A scanned page in old version of e-books or paper, or one created from a photo or drawing, is only an image of a page, and you can’t manipulate its content by extracting images or modifying the text. However, Adobe Acrobat can convert the image of the document into actual text by using optical character recognition (OCR).
I used this function on Adobe Acrobat 8 and 9, which both work very well.
To capture the content of an image or a page from a scanned PDF document, follow these steps:
- Save your target page of the PDF file as an image.
- Crop the image to less than 45×45 inches by using Photoshop or PowerPoint, or any other software that can do it.

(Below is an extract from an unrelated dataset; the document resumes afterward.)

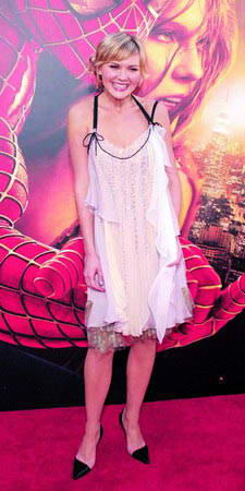 不规则剪裁的吊带裙,可爱的吊带设计和褶皱花纹在裙子上的蔓延,都突出Kirsten Dunst迷人的小女人气息,足以引发裸露遐想。

Save the cropped image.
- Choose File > Create PDF > From file > your cropped image that you want to convert.
- Choose Document > OCR Text Recognition > Recognize Text Using OCR. The Recognize Text dialog box opens. You don’t need to modify any other parameters, and just click OK to start the capture process. The conversion process is very fast and you just need to wait several seconds.
- When the process is complete, the dialog box closes and the results of the conversion are shown in the document, right in front of you.
- Now you can copy and paste the txt content to your Microsoft Word file and start to modify the errors.
It is said that Adobe Acrobat 9 can convert large file rather than a 45×45 inches one, but I don’t know why I can’t achieve it.